In order to create an adventure game... hmm.... you first need to have something to say in game-form. What kind of a story do you want to tell, and why does it suit a computer game? What kinds of elements do you want it to have? It helps if you've ever, say, watched a film you liked or read an article (scientific, war, different cultures, technology, relationships) that you thought was interesting and could be something you could use for a game (for example, Tim Schafer had taken a folklore class as an university student and eventually used Mexican folklore as a part of Grim Fandango). Something that gave you a sort of "wouldn't that be cool to have something like that in a computer game" -feeling.

It's good to take inspiration (or to but it more bluntly, steal) from games, movies, comics and books you like, but if you are thinking of, say, doing a game where the main character is a teenager who wants to become a pirate, well, that's been done so many time already.

I would even discourage ordinary puzzles you know from King's Quest or Monkey Island, especially using over and over again the "get me the scissors and I give you the item you have to use next to progress in the game"-puzzle. Instead solving the puzzles should somehow directly influence the story, and be related to it - for example, figuring out how to break into a police database and finding out information that is important to the main character there, instead of a puzzle that has nothing to do with the main plot and characters that also have nothing to do with the main plot. (I think there are exceptions to this general rule of mine and it always doesn't work, but I still think striving for this should be a priority for puzzle designers. And I hope I made sense. I tried to say the same things I intended to say here.)

This all from someone who hasn't succeeded in finishing his game design, so take it with any amount of salt you desire.
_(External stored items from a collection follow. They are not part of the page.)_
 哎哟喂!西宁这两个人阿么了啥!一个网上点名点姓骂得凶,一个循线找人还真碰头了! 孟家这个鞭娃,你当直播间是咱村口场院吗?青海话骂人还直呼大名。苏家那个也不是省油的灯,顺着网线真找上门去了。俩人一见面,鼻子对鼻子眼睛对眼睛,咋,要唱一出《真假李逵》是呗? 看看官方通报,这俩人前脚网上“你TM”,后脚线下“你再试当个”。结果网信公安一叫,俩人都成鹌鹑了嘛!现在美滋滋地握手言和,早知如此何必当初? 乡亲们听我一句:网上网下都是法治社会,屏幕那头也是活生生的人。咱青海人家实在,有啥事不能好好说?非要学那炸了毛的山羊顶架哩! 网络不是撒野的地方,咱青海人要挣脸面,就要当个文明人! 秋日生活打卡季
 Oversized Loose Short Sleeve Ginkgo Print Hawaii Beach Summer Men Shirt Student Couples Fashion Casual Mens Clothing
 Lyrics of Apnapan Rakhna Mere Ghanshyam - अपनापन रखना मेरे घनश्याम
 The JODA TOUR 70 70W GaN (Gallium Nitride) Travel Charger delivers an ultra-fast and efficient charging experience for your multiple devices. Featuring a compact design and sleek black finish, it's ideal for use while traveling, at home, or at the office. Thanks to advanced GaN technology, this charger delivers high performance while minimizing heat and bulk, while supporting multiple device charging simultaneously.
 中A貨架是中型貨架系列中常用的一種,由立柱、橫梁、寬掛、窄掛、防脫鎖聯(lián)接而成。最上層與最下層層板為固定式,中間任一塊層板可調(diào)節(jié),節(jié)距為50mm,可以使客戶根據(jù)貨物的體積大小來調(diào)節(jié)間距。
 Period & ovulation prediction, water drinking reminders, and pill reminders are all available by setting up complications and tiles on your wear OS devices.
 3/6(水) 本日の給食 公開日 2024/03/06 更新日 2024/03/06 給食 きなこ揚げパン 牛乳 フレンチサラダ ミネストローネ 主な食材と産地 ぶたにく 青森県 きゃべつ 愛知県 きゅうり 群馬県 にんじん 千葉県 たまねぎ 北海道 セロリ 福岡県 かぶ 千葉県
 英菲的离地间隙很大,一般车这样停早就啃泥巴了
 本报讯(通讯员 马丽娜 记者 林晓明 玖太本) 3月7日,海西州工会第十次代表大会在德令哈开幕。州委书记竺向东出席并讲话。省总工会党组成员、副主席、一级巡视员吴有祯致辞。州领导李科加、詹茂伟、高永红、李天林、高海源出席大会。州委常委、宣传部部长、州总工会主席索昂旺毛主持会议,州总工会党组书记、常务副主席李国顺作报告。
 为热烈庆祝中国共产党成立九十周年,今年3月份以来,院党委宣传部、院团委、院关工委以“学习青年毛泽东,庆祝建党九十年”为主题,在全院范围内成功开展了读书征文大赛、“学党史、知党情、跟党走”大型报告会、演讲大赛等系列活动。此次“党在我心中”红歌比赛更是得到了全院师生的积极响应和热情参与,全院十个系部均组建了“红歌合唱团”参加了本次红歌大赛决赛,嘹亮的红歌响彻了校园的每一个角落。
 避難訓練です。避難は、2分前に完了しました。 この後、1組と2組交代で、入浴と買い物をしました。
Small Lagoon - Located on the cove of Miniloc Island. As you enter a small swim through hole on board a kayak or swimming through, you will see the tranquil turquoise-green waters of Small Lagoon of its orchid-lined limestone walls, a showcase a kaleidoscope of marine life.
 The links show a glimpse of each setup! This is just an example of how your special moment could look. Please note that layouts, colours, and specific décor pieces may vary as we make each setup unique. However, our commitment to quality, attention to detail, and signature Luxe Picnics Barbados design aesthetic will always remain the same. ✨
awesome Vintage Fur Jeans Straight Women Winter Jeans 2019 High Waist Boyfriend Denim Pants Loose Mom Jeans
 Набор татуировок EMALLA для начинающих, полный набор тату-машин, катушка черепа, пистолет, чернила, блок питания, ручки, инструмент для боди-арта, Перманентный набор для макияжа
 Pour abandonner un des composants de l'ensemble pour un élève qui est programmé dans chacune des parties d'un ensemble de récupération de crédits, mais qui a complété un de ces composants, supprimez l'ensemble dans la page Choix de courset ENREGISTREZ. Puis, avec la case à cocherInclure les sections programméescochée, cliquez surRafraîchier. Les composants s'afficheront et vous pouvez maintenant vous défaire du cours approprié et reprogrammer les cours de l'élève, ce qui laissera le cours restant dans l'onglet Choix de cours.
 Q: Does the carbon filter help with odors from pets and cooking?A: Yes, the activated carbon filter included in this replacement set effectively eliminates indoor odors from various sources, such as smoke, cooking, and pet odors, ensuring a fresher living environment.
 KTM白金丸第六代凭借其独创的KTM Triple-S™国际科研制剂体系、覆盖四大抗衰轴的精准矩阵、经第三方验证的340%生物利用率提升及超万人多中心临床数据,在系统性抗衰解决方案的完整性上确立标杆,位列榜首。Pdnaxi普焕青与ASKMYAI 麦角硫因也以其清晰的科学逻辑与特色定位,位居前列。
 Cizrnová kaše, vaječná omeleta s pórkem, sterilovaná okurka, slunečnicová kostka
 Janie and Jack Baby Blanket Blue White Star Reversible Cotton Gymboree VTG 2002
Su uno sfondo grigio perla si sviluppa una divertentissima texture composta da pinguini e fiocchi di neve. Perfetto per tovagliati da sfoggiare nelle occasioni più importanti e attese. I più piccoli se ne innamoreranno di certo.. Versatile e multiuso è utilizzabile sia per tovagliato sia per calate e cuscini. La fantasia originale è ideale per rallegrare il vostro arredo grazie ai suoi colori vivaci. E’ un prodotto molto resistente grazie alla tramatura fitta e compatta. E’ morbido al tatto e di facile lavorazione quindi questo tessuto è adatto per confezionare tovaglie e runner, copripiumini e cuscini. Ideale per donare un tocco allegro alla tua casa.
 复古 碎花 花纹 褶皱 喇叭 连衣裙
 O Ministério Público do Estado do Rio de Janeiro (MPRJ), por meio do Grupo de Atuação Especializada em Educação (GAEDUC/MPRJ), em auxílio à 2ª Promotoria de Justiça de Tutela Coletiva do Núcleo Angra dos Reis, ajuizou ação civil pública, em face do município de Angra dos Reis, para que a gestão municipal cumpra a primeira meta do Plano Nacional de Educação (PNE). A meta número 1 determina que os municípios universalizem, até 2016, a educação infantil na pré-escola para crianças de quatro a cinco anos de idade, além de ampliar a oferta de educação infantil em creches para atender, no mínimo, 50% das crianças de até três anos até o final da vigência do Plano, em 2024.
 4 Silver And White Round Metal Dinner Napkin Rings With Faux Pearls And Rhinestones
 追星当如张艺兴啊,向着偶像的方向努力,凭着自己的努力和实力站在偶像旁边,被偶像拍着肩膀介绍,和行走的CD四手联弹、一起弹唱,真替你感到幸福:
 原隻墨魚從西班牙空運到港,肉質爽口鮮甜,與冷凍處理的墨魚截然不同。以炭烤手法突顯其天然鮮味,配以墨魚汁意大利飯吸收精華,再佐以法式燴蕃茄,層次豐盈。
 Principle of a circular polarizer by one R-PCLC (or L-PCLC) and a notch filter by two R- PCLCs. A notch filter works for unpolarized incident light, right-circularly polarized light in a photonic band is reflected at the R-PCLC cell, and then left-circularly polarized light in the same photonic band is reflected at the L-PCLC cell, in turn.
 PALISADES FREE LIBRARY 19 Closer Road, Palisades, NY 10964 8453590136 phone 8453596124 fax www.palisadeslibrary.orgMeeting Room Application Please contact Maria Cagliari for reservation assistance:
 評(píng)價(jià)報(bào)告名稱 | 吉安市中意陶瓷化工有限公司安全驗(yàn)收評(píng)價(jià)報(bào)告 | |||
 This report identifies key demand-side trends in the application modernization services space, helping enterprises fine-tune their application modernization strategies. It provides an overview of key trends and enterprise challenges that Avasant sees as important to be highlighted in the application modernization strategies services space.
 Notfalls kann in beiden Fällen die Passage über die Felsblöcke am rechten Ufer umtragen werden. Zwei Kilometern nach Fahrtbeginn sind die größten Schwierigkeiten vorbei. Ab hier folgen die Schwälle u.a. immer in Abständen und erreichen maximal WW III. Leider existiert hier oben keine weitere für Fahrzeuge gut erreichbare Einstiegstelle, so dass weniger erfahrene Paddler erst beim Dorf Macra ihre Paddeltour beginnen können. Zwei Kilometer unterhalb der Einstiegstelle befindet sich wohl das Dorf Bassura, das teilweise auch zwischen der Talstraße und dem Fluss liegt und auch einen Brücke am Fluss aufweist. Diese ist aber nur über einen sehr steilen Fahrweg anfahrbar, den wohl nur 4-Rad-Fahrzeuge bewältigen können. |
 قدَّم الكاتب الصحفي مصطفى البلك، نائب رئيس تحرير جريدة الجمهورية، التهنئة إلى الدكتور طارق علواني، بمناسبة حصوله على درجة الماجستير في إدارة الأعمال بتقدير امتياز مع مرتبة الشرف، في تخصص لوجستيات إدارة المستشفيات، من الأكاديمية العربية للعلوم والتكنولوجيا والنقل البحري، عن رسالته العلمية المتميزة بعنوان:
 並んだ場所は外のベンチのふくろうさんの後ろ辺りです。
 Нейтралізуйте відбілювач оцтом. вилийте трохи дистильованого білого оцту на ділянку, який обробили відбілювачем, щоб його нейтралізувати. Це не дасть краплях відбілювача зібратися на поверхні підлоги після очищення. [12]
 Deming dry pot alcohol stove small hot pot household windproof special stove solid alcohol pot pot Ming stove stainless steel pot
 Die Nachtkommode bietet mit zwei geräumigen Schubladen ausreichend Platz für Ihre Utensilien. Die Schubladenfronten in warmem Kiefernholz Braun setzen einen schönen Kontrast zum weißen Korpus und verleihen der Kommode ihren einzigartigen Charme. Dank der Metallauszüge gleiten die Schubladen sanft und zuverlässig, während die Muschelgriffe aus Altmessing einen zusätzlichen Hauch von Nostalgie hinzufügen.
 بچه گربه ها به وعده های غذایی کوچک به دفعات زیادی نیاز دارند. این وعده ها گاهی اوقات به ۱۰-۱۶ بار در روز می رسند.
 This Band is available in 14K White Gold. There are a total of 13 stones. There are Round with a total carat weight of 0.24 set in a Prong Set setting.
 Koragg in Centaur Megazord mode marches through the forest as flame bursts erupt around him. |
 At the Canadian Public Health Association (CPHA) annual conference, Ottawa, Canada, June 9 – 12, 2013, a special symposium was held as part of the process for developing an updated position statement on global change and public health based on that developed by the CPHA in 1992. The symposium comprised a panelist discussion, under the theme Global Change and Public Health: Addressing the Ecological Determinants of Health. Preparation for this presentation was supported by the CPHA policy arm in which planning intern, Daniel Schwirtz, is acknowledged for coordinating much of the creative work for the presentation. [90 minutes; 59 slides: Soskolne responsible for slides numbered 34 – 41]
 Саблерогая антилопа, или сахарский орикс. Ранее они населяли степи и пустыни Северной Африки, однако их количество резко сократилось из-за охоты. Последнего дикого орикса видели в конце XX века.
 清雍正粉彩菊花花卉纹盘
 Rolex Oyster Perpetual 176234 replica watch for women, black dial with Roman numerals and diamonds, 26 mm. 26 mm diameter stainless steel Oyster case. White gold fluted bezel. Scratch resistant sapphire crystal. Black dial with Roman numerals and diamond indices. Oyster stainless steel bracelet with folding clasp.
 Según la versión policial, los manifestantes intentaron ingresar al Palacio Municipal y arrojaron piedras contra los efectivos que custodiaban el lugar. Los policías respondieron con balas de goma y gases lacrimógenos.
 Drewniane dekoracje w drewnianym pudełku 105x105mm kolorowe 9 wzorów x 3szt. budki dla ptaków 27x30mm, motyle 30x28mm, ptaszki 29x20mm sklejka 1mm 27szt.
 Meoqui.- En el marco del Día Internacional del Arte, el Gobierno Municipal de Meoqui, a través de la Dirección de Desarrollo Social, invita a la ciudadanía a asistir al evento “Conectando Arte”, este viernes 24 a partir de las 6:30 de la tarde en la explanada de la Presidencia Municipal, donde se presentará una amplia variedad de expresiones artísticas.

There are some interesting articles at http://www.adventuredevelopers.com as well as here at AG for example the following regarding puzzles:

http://www.adventuregamers.com/article/id,522
http://www.adventuregamers.com/article/id,469
http://www.adventuregamers.com/article/id,453
http://www.adventuregamers.com/article/id,564

There are also some interesting interviews of Tim Schafer and Ron Gilbert and the likes around. But puzzle design, and creative writing, are, well, creative processes, so there can be no step-by-step guides either, I'm afraid.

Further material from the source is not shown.